If you’re concerned over the recent news you’re hearing about Bank of America, you’re not alone. The memories of Lehman Brothers, Goldman Sachs, Morgan Stanley, and Bear Sterns are still fresh in the minds of investors as well as those who kept funds in these banks.
Virtually overnight Lehman Brothers went from a healthy, thriving financial institution to a bank wiped off the financial map.
Before discussing Bank of America’s problems specifically, it is important to remember that your money on deposit is safe even if Bank of America ceases to operate. In the United States, The Federal Deposit Insurance Corporation, or FDIC, insures your account up to $250,000. The process to reclaim your assets may be frustrating, but in the end you won’t lose anything.
What’s Going on with Bank of America?
Bank of America has its financial hand in 99% of the 100 largest companies in America, as well as other companies in 149 other countries outside of the United States. It holds 12.2% of all deposits in America, and it is the largest bank by holdings, serving 57 million customers. If your money isn’t at Bank of America, you probably know one of their customers.
Banks make profits by not only lending money to you and charging interest, but they also invest the money that you ask them to hold in the form of deposits. They purchase companies, other loan portfolios, and they lend money to other banks and corporations at wholesale rates using complicated means like commercial paper and the money market – special markets only available to large net worth companies and financial institutions.
One company they purchased, Countrywide Financial, held the mortgages of 20% of all Americans. When the housing market lost a significant amount of value, Countrywide Financial was left with a huge amount of unpaid mortgages, which continues to weigh on Bank of America.
Adding insult to injury, a series of lawsuits has made investors worried and when lawsuits start, they have a way of multiplying. Not only is there the multibillion dollar robosigning lawsuit, where allegedly false information was being provided to judges in order to simplify foreclosure cases, an employee was awarded nearly $1 million for being fired for telling authorities about illegal practices at Countrywide Financial.

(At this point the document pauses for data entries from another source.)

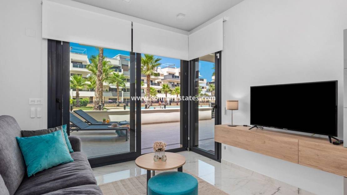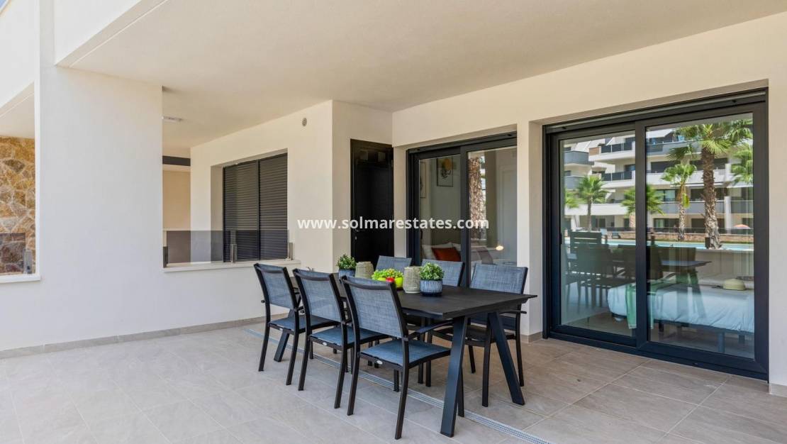 Denna vackra lägenhet på bottenvåningen ligger i Amanecer IX. Lägenheten har 2 sovrum, 2 badrum och ett öppet kök. Det är en central lägenhet, vilket innebär att den har en större terrassyta och tillgång till terrassen från varje sovrum och vardagsrummet. Terrassen är en rymlig 48 m² stor och erbjuder utsikt över trädgården och poolen.
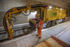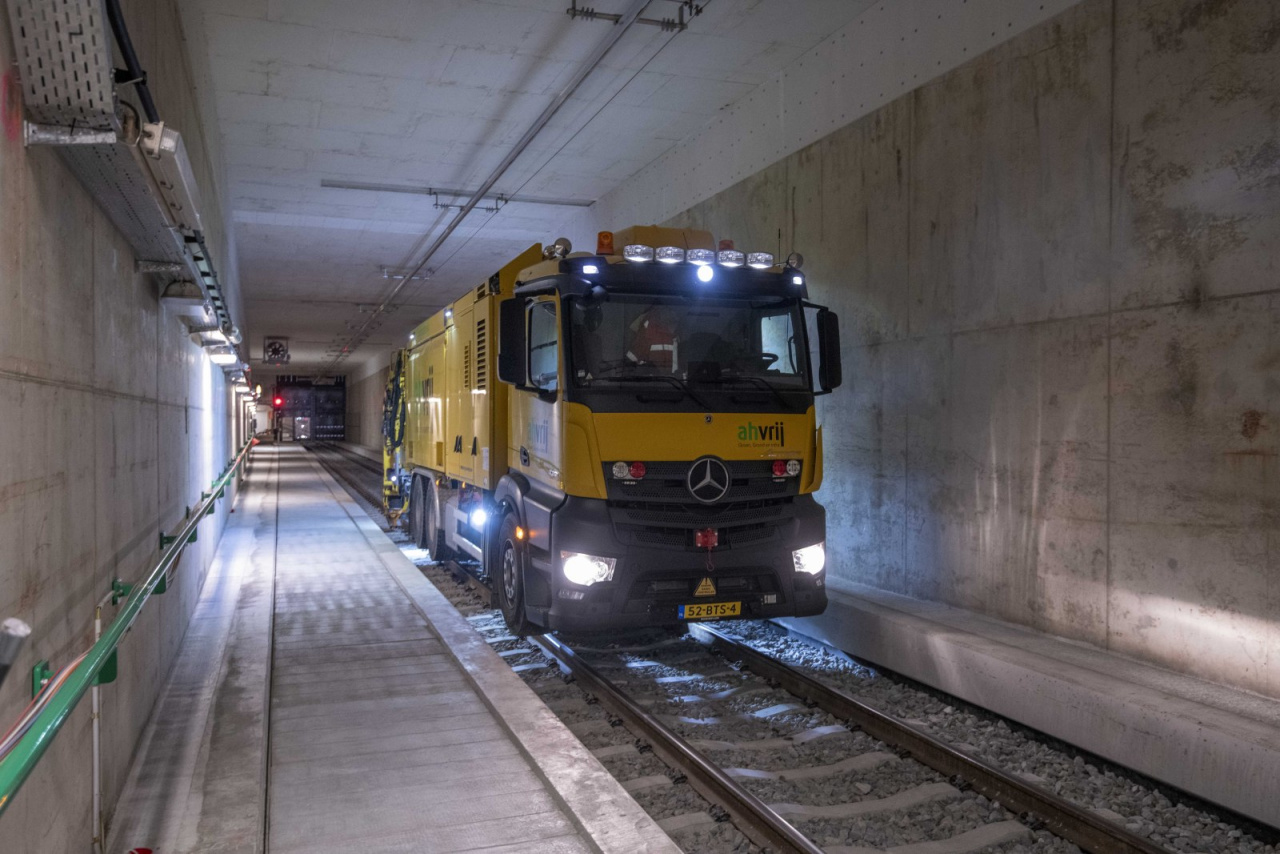 Wie ein Staubsauger: Actros auf Schienen reinigt Gleisbett
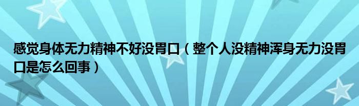 大家好,知識(shí)小編來為大家解答以上的問題。感覺身體無力精神不好沒胃口,整個(gè)人沒精神渾身無力沒胃口是怎么回事很多人還不知道,現(xiàn)在讓我們一起來看看吧!
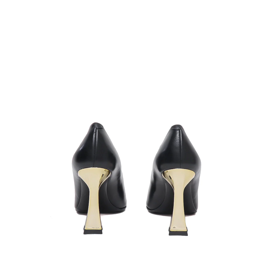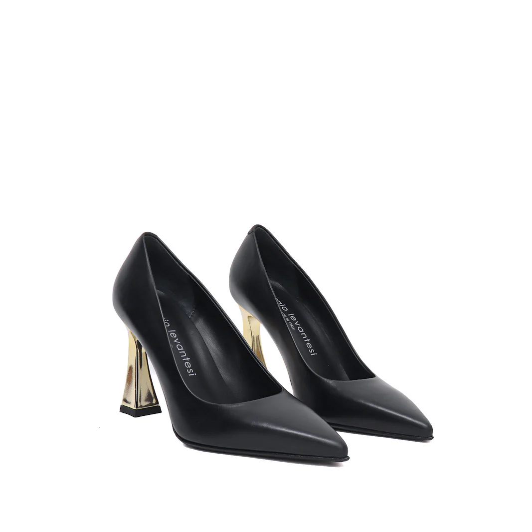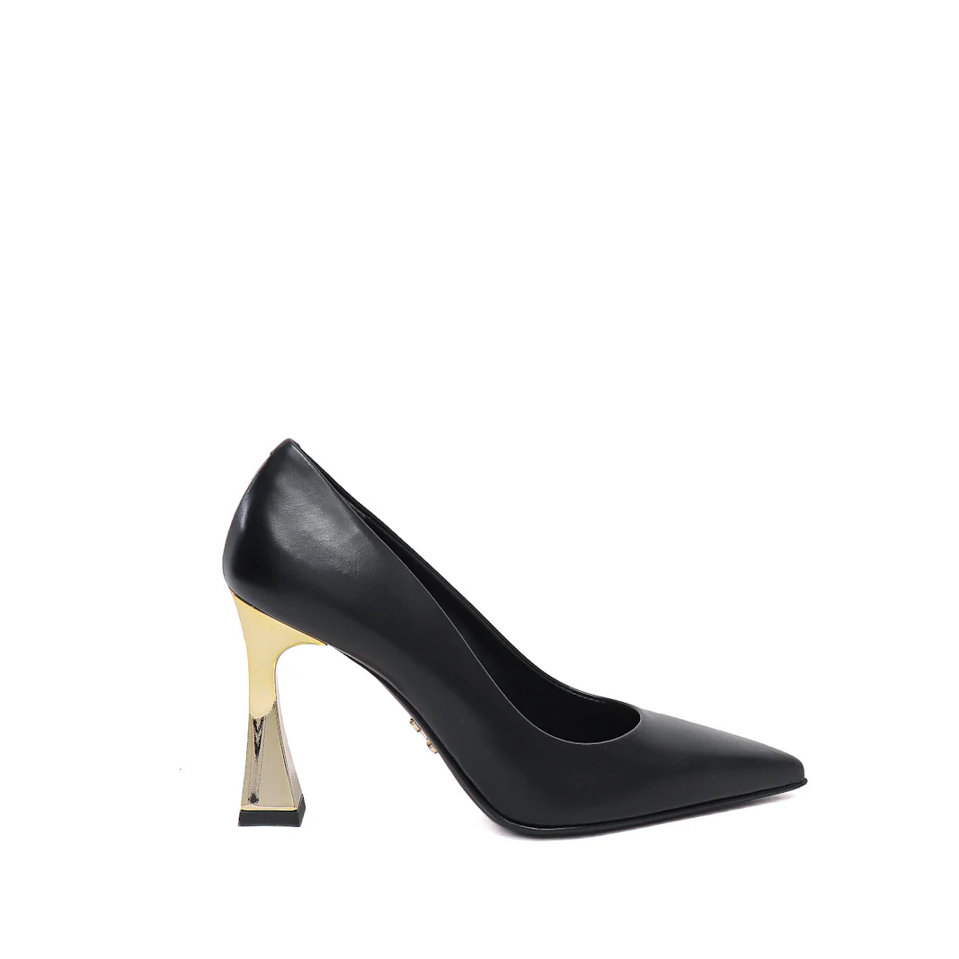 Decollete in pelle nera e tacco cromato oro
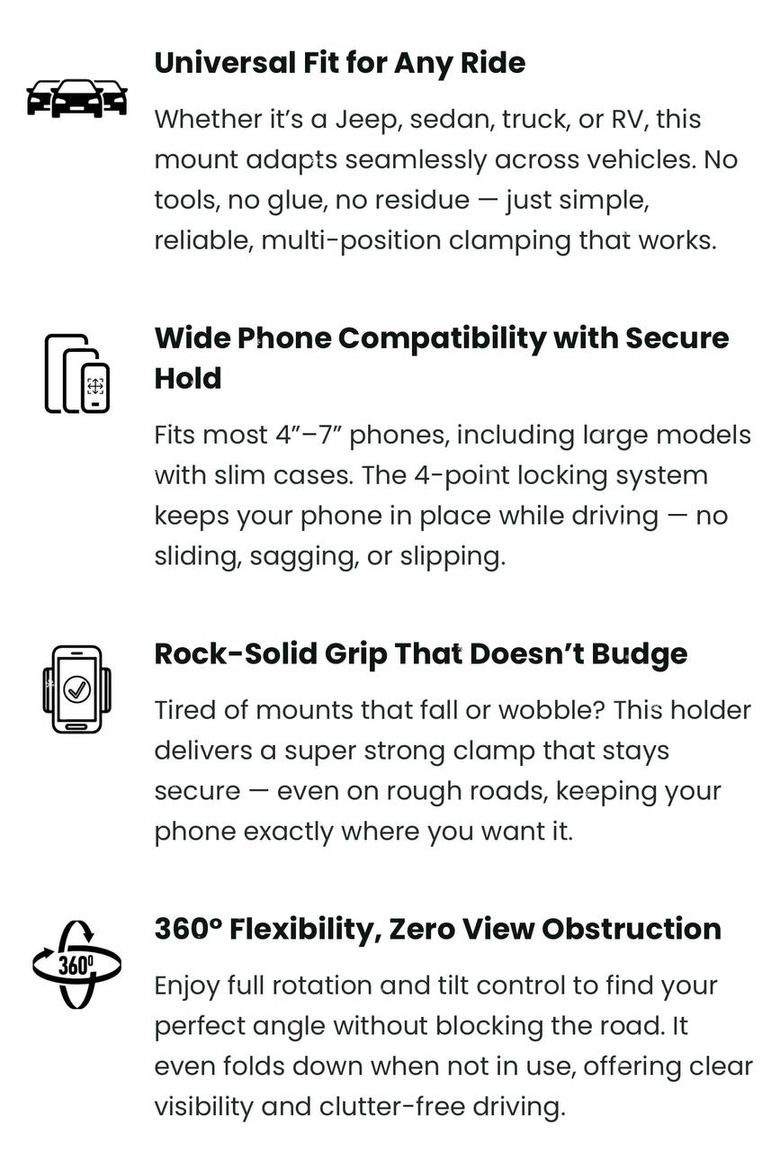 Clamp, adjust, and go with unbeatable grip, visibility, and freedom — anytime, in any vehicle.
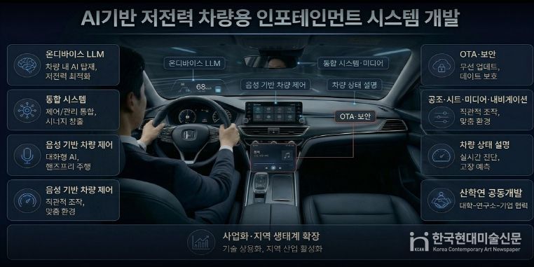 한국현대미술신문 정소영 기자 | 대구광역시는 산업통상부 주관 ‘2026 지역앵커기업-지역대학 전략기술 공동개발사업’ 공모에 ‘SDV 환경에 최적화된 AI 기반 저전력 통합 차량 인포테인먼트 시스템 개발’ 사업이 최종 선정됐다고 밝혔다.
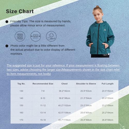 YEAHDOR Girls Boys Lightweight Windproof Jackets Outdoor Hiking Climbing Hooded Jacket Windbreaker Outerwear 7
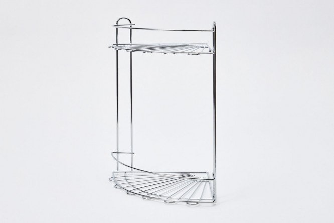 Corner 2-tier wall shelf Lite made of metal, silicone in chrome color.
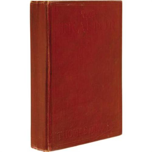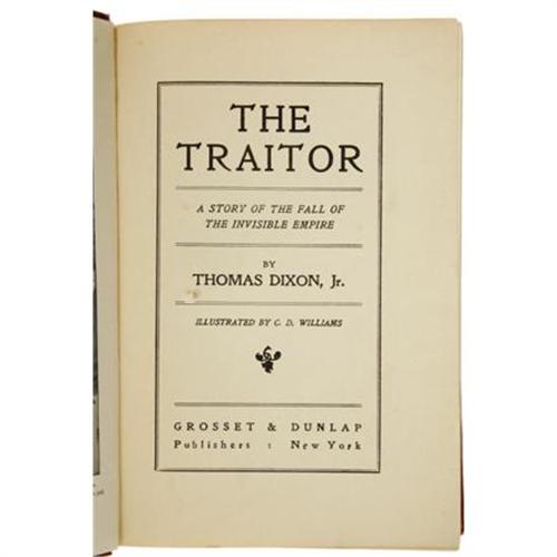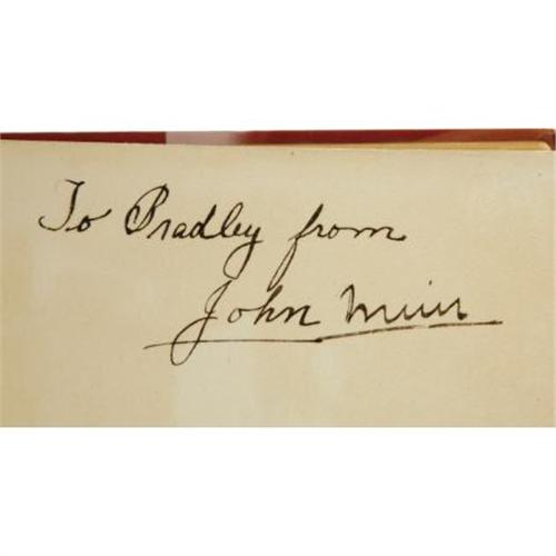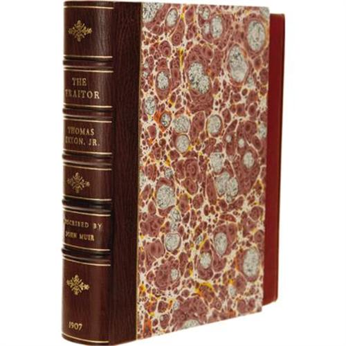 <B> John Muir Thomas Dixon, Jr.: <I>The Traitor.</B></I></B></I> <B>Inscribed by Naturalist John Muir.</B></I> Illustrated by C.D. Williams. (New York: Grosset & Dunlap Publishers, 1907 ). Early printing, boldly inscribed by John Muir on the front free endpaper: “<I>To Bradley from John Muir.</B></I>” Octavo (7.5” x 5”). 331 pages. Illustrated. Publisher's red cloth, lettered on the front cover and spine. General soiling and rubbing, one page loose and tattered around the edges, front free endpaper discolored, otherwise a very good copy. Housed in a quarter morocco book-backed slipcase with the spine in compartments with five raised bands, and tooled in gilt.<BR><BR><b>Shipping:</b> Books & Catalogs (<a target="_blank" href="http://www.heritageauctions.com/common/shipping.php">view shipping information</a>)

Every investor knows that fear is contagious and that, according to some, is what is causing Bank of America to continue the downward trend in its stock price. In fact, they have lost well over 50% of their market value.
As a way to put investors at ease and reduce the size of their footprint on the world’s financial markets, Bank of America continues to sell assets that they own as well as lay off employees. Recently BOA announced that 30,000 would lose their jobs as restructuring continued, but this may backfire as investors grow worried that the bank may not have as much money as they claim.
On the other hand, despite government claims to the contrary, Bank of America probably is “too big to fail.” If they were to close their doors, the American banking system would have a difficult time handling the shock, and for that reason, the government probably wouldn’t let that happen.
Unlike 2008, banks as a whole are in somewhat better shape, and they are still the best place to put your money that you don’t want to expose to risk of the stock market. Even though that savings account isn’t going to make you much more than 1% per year, depositing your money into any of the major banks comes with free insurance from the FDIC. And some growth is better than no growth, considering the high likelihood of increased inflation.
Personally, I bank with a small, regional bank and a well-known credit union. I prefer to avoid the large banks, not so much because of instability, but because I don’t like their customer no-service policies.